→ WHAT IS EXPECTED: Output the data below only from the line containing "Het design van" up to and including the line containing "Le document présente", exact and with the pictures left out.

→ RECORD EXTRACTS:
((
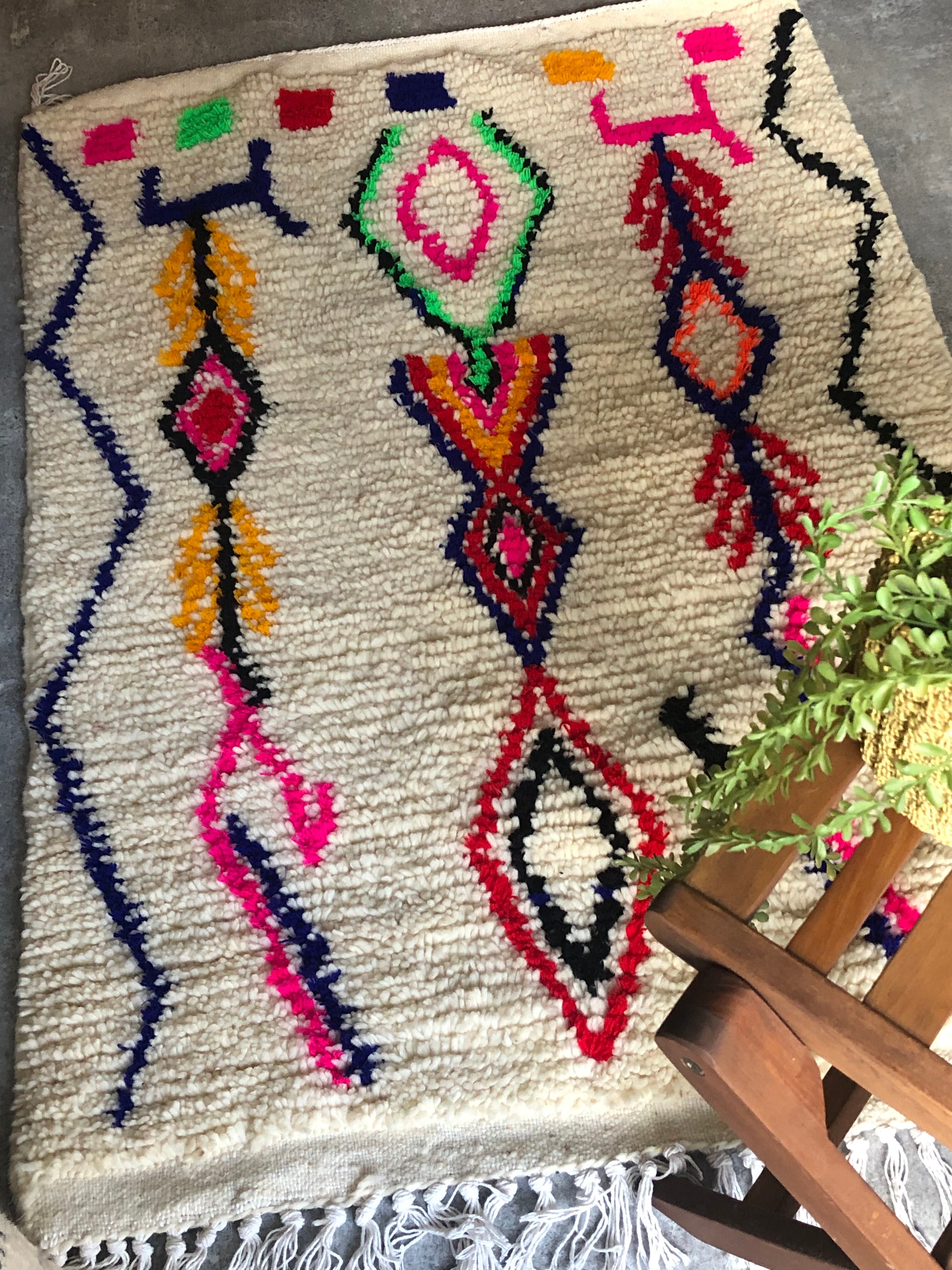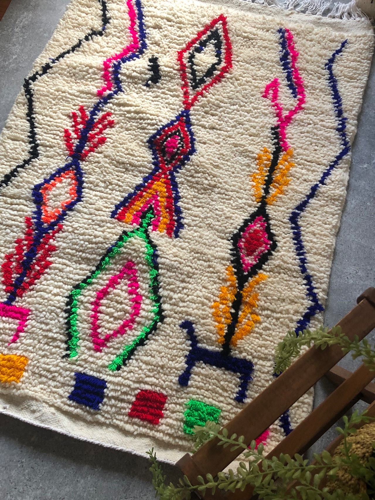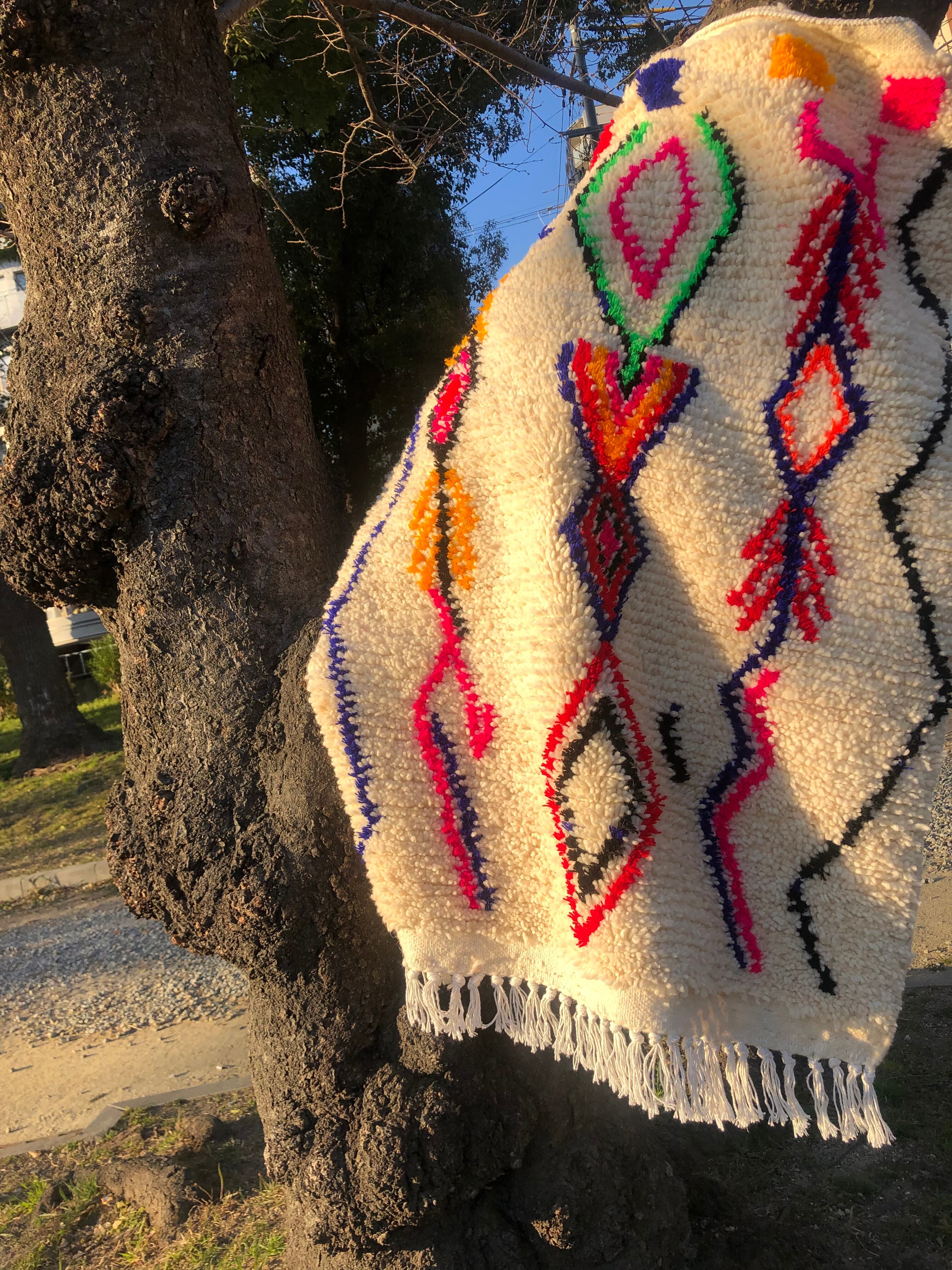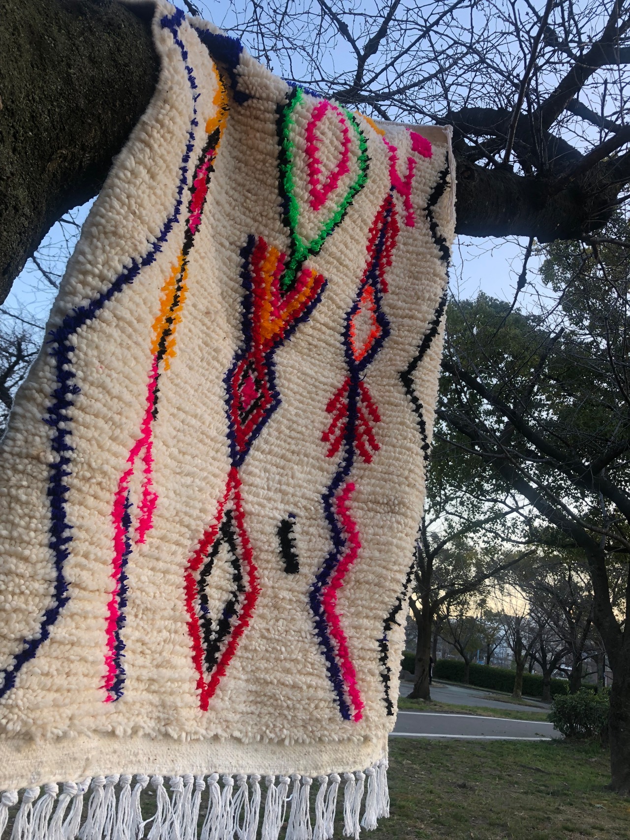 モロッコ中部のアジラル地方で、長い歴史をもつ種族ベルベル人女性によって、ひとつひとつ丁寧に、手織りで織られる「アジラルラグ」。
))
((
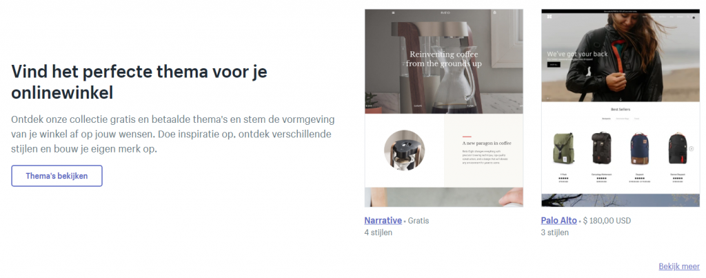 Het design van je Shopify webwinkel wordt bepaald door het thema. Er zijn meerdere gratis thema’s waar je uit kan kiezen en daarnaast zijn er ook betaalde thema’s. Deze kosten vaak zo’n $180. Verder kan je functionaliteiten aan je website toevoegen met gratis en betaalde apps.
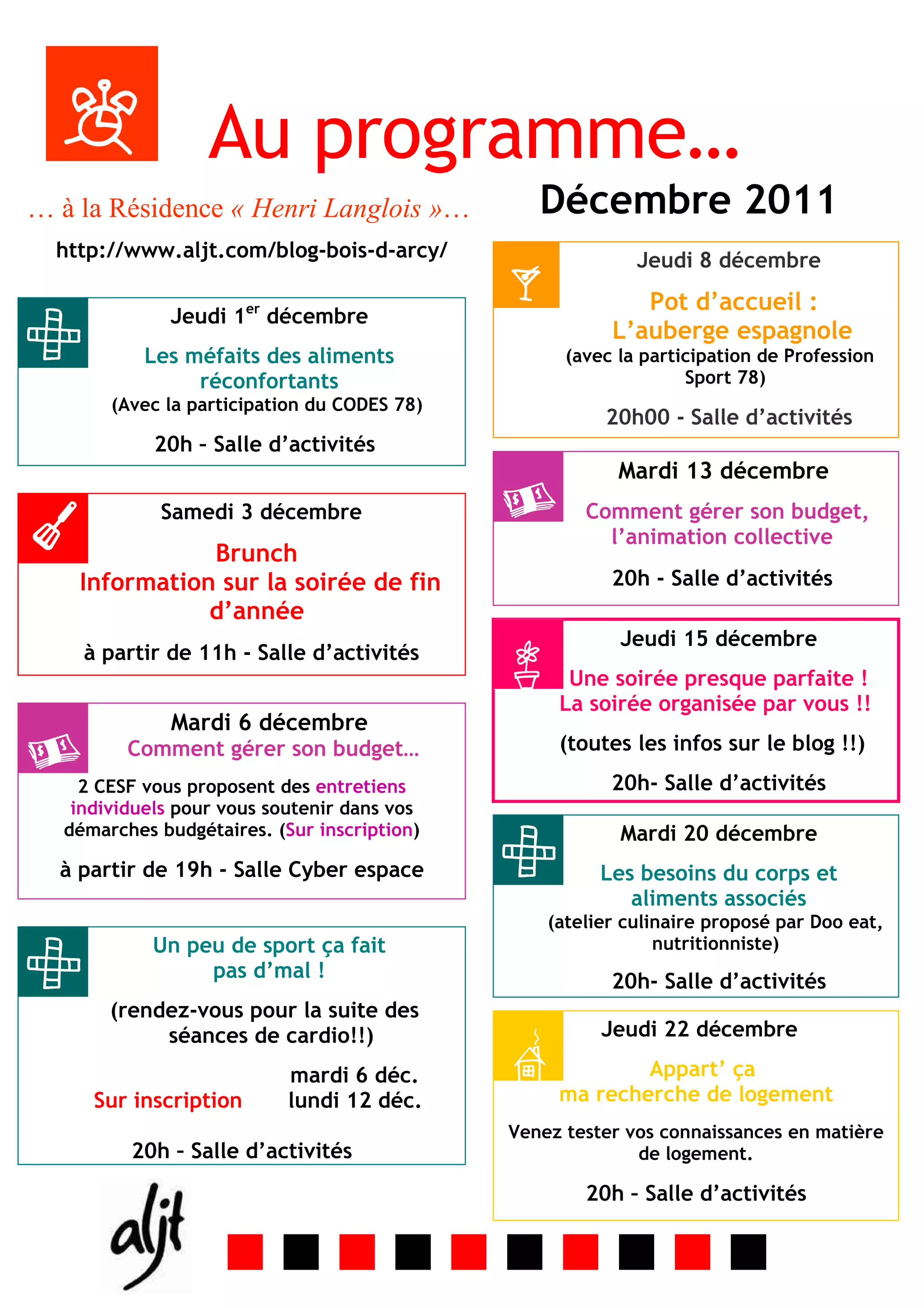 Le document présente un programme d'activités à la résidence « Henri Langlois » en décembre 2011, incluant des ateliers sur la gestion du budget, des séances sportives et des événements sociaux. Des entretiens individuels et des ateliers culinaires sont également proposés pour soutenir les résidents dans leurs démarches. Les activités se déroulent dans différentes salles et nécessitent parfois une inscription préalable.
))
→ RESPONSE AREA:
 Het design van je Shopify webwinkel wordt bepaald door het thema. Er zijn meerdere gratis thema’s waar je uit kan kiezen en daarnaast zijn er ook betaalde thema’s. Deze kosten vaak zo’n $180. Verder kan je functionaliteiten aan je website toevoegen met gratis en betaalde apps.
 Le document présente un programme d'activités à la résidence « Henri Langlois » en décembre 2011, incluant des ateliers sur la gestion du budget, des séances sportives et des événements sociaux. Des entretiens individuels et des ateliers culinaires sont également proposés pour soutenir les résidents dans leurs démarches. Les activités se déroulent dans différentes salles et nécessitent parfois une inscription préalable.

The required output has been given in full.